Gülen'den 17 Aralık savcısına ahlaksız teklif

Terörist Fethullah Gülen'den 17 Aralık savcısına kirli teklif: "Soruşturmayı kapatmasın, ne istiyor sorun"

Giriş Tarihi 27 Aralık 2016, 00:00 Güncelleme 27 Aralık 2016, 01:43
Gülen’den 17 Aralık savcısına ahlaksız teklif

İÇİNDEKİLER

Ankara Başsavcılığının yürüttüğü FETÖ soruşturmasında "Adem" kod adlı gizli tanık çarpıcı itiraflarda bulundu. FETÖ elebaşı Fethullah Gülen'in 17-25 Aralık hükümete karşı darbe girişiminin ardından dosyaya bakmakla görevlendirilen savcı Ekrem Aydıner'e örgüt imamı aracılığıyla ulaşmaya çalıştığını belirten gizli tanık, Erdal isimli imamın kendisinden Aydıner ile görüşmesi konusunda aracı olmasını istediğini ve "Hocamız (Fetullah Gülen) 'soruşturmayı kapatmasın, ne istiyor sorun' diye talimat verdi" dediğini anlattı.

İşte FETÖ'nün kirli yüzünü bir kez daha ortaya koyan gizli tanık Adem'in 17-25 Aralık hükümete karşı darbe girişiminin perde arkasına ilişkin o itirafları:

SORUŞTURMAYI KAPATMASIN: 17-25 Aralık sürecinden sonra Dursun Aygör (eski Sincan savcısı / tutuklu) mesai saati içerisinde öğlen yemeğine davet etti. Israr edince beraber yemeğe çıktık, beni bir lokantaya götürdü. O sırada hakim Habip Atasoy'un evinde gördüğüm 'Erdal' isimli şahıs geldi. Tesadüfen gelmiş gibi 'Siz de mi buradaydınız?' gibi şeyler söyledi. Dursun Aygör onu da masaya buyur etti. Şahıs oturduktan sonra bana 'Sizi görmem iyi oldu. Yaşanan süreci biliyorsunuz. Ekrem Aydıner isimli savcı dosyalarda görevlendirildi. Bizim abilerimiz ve hocamız 'Ekrem Aydıner'e ulaşın soruşturmayı kapatmasın, ne istiyor sorun' diye talimat verdi. Siz kendisi ile çalışmışsınız, görüşme imkanınız olur mu?' diye sordu. Ben de zaten önceden de kızgın olduğum için şahsa 'siz ne dediğinizi biliyor musunuz? Bu söylediğiniz suç' diyerek kızdım ve masadan kalktım. Arkamdan Dursun Aygör de geldi. Aygör'e de 'Böyle tesadüf mü olur?

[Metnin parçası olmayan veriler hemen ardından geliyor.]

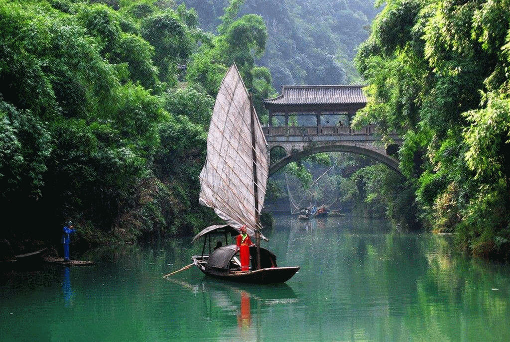 【三峽人家風(fēng)景區(qū)】依山傍水,風(fēng)情如畫:傳統(tǒng)的三峽吊腳樓點綴于山水之間,久違的古帆船、烏篷船安靜地泊在三峽人家門前,溪邊少女揮著棒槌在清洗衣服,江面上悠然的漁家在撒網(wǎng)打魚……千百年來流傳不衰的各種習(xí)俗風(fēng)情體現(xiàn)著峽江人民的質(zhì)樸好客。

Habip'in evinde tesadüf, burada tesadüf, bu ne biçim saçmalık, kim bu adam benimle nasıl böyle konuşabilir?' dedim. Dursun Bey herhangi bir cevap vermedi. Ben uzaklaşıp gittim.

FETÖ ADAYLARI İÇİN ÇALIŞANLARA 3-5 BİN TL: 2014 HSYK seçimlerinden önce Dursun Aygör bana gelerek bağımsız adaylara (FETÖ'nün adayları) çalışıp çalışmayacağımı sordu. Ben de 'kesinlikle çalışmam' dedim. Seçim sürecinde adaylar belirlenirken Murat Gökçe (eski Sincan Başsavcısı/tutuklu) bağımsız aday olmuştu. Adaylıktan sonra bana telefon etti ve bir kafeteryada buluştuk. Ben gittikten sonra Murat Gökçe, 'Hüseyin Yıldırım da uğrayacak' dedi. Bir müddet sonra Hüseyin Yıldırım (eski adalet Akademisi Başkanı/tutuklu) geldi. Murat Gökçe'ye 'aday olmuşsun hayırlı olsun' dedi. Hüseyin Yıldırım hemşerim olduğu için espri yaparak 'Murat Gökçe için çalışacak mısın?' diye sordu. Ben de 'Zaten arkadaşım, elimden gelen bir şey olursa yaparım' diye gülerek karşılık verdim. 2014 HSYK seçimlerinden sonra bağımsız adaylar için çalışan bazı kişilere 3-5 bin TL arasında paralar dağıtıldığını duydum.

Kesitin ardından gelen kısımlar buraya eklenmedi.